* **WHAT TO PRODUCE**:
Could you restate the entries below word for word and leave the images out?

* **DATA FOR PROCESSING**:
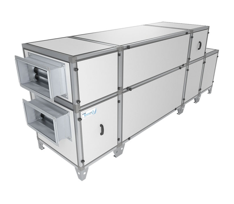 Подвесная приточно-вытяжная установка Breezart 2000 Lux RP F с пластинчатым рекуператором (с системой защиты от замерзания, эффективная работа до -30°С) и электрическим нагревателем. Комплектуется воздушными клапанами с электроприводом, системой цифровой автоматики JetLogic с цветным сенсорным пультом управления и всеми необходимыми датчиками. Вентиляторы Ebmpapst серии EC (произведены в Германии).
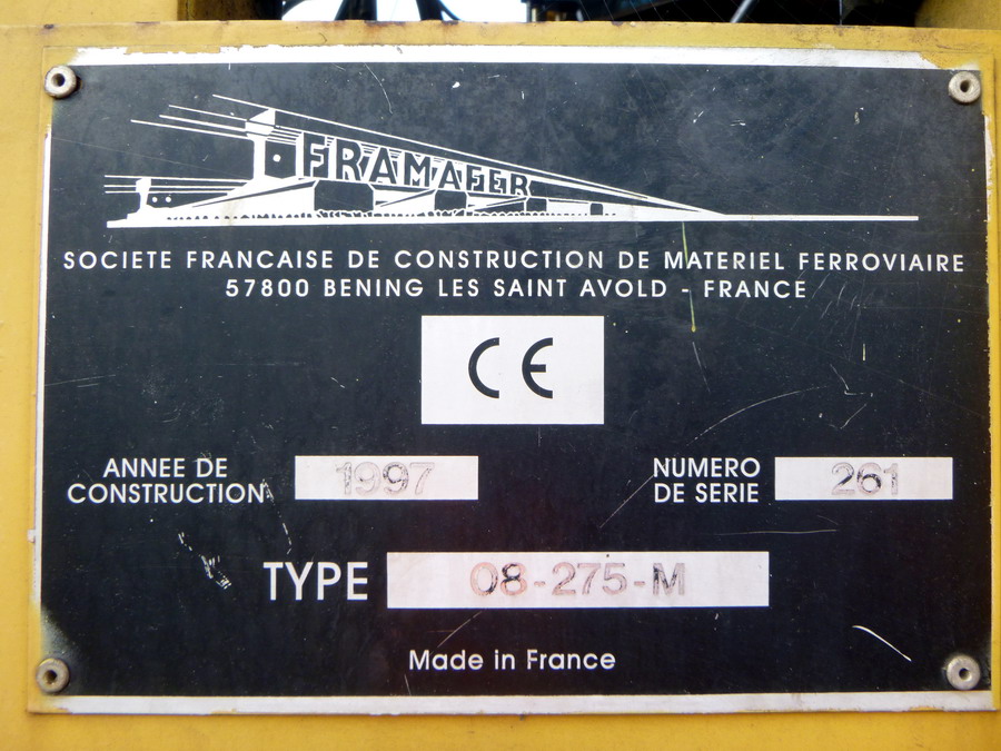 Voici la Bourreuse d'appareils 08 275 M Framafer n°261 de 1997 d'ETF Agence Luxembourg n° IET EM05-5179
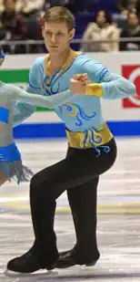 Yuri Mikhailovich Shevchuk (Russian: Юрий Михайлович Шевчук; born 27 August 1990) is a Russian pair skater. With former partner Alexandra Vasilieva, he is the 2011 Russian Junior silver medalist and placed 11th at the 2011 World Junior Championships. The pair began skating together in May 2008 and were coached by Artur Dmitriev in Saint Petersburg.[1] In March 2012, it was confirmed that Vasilieva/Shevchuk had ended their partnership and he had teamed up with Natalia Mitina.[2] Mitina/Shevchuk are coached by Dmitriev and Natalia Pavlova in Moscow.[2] They placed fourth at the 2013 Winter Universiade.
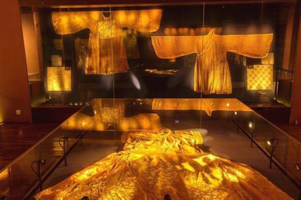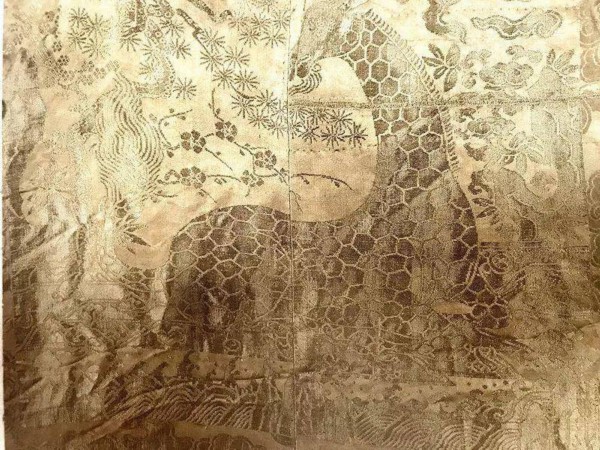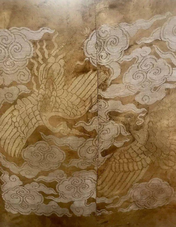 然而这些衣服经过了上百年的掩埋,墓室周围酸碱度和温湿度的变化,大多数颜色都已褪了,不过我们依然能从衣服上看到当年丝织品的精美图案。
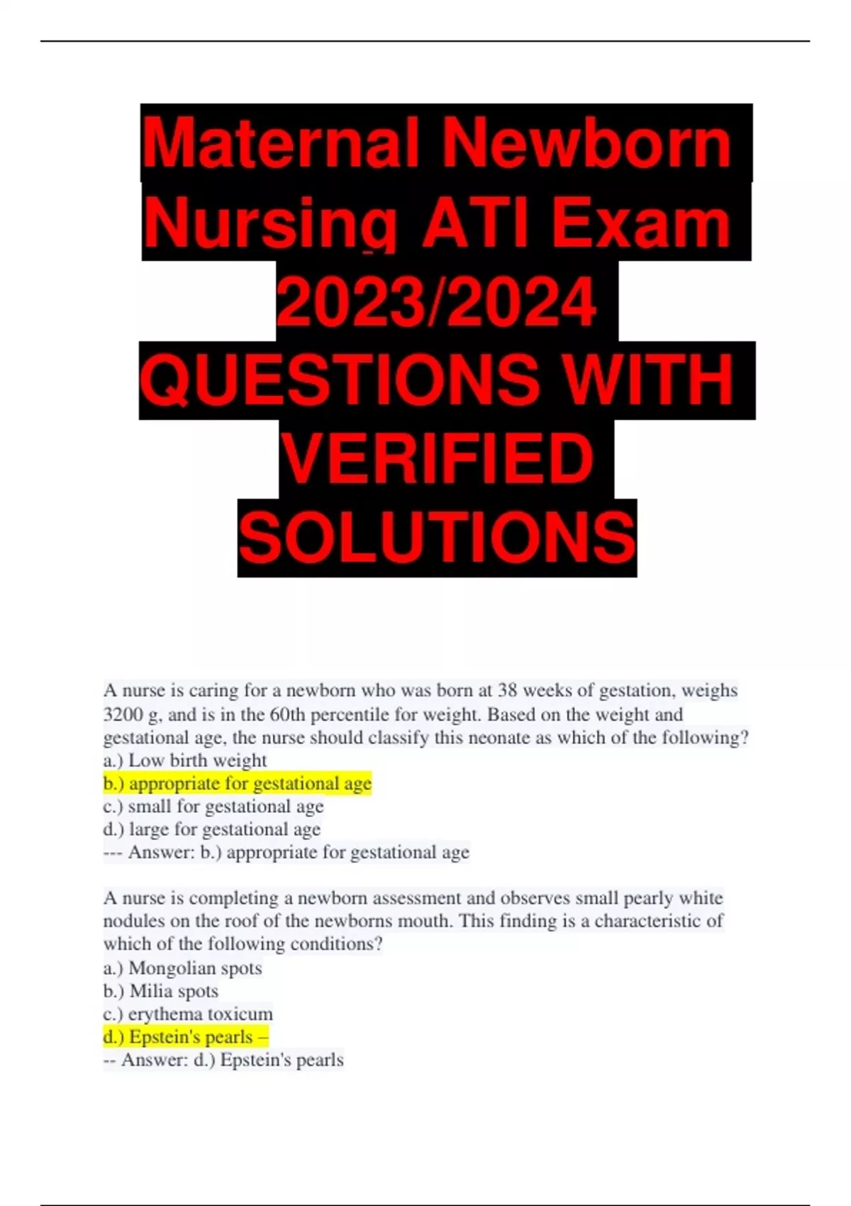 Maternal Newborn Nursing ATI Exam 2023/2024 QUESTIONS WITH VERIFIED SOLUTIONS
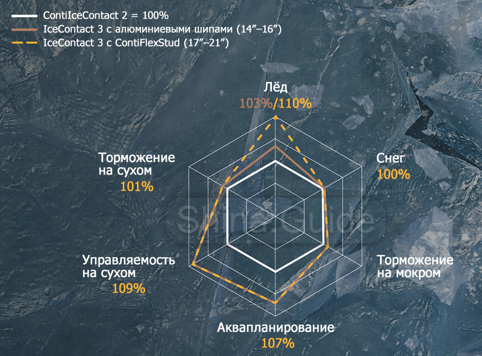 Шины Continental IC3 получили направленный дизайн, который улучшил поведение на мокрой поверхности и сухом асфальте, говорит технический специалист Shina.Guide, а применение двух типов шипов и оптимизированной схемы их размещения обусловило значительное улучшение сцепления модели со льдом, что в случае с обрезиненными шипами достигло 10%.
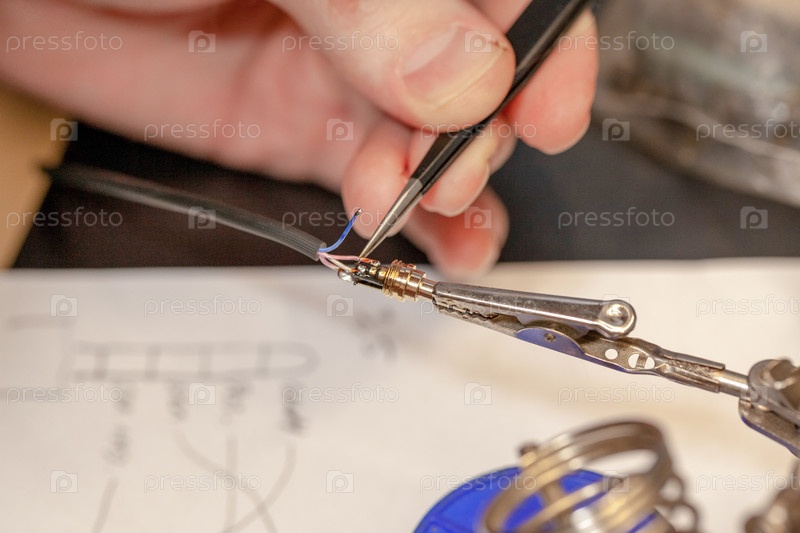 Электрик ремонтирует электрический компонент, на столе с устройством и инструментами, крупный план, размытый фон

* **TASK RESULT**:
 Подвесная приточно-вытяжная установка Breezart 2000 Lux RP F с пластинчатым рекуператором (с системой защиты от замерзания, эффективная работа до -30°С) и электрическим нагревателем. Комплектуется воздушными клапанами с электроприводом, системой цифровой автоматики JetLogic с цветным сенсорным пультом управления и всеми необходимыми датчиками. Вентиляторы Ebmpapst серии EC (произведены в Германии).
 Voici la Bourreuse d'appareils 08 275 M Framafer n°261 de 1997 d'ETF Agence Luxembourg n° IET EM05-5179
 Yuri Mikhailovich Shevchuk (Russian: Юрий Михайлович Шевчук; born 27 August 1990) is a Russian pair skater. With former partner Alexandra Vasilieva, he is the 2011 Russian Junior silver medalist and placed 11th at the 2011 World Junior Championships. The pair began skating together in May 2008 and were coached by Artur Dmitriev in Saint Petersburg.[1] In March 2012, it was confirmed that Vasilieva/Shevchuk had ended their partnership and he had teamed up with Natalia Mitina.[2] Mitina/Shevchuk are coached by Dmitriev and Natalia Pavlova in Moscow.[2] They placed fourth at the 2013 Winter Universiade.
 然而这些衣服经过了上百年的掩埋,墓室周围酸碱度和温湿度的变化,大多数颜色都已褪了,不过我们依然能从衣服上看到当年丝织品的精美图案。
 Maternal Newborn Nursing ATI Exam 2023/2024 QUESTIONS WITH VERIFIED SOLUTIONS
 Шины Continental IC3 получили направленный дизайн, который улучшил поведение на мокрой поверхности и сухом асфальте, говорит технический специалист Shina.Guide, а применение двух типов шипов и оптимизированной схемы их размещения обусловило значительное улучшение сцепления модели со льдом, что в случае с обрезиненными шипами достигло 10%.
 Электрик ремонтирует электрический компонент, на столе с устройством и инструментами, крупный план, размытый фон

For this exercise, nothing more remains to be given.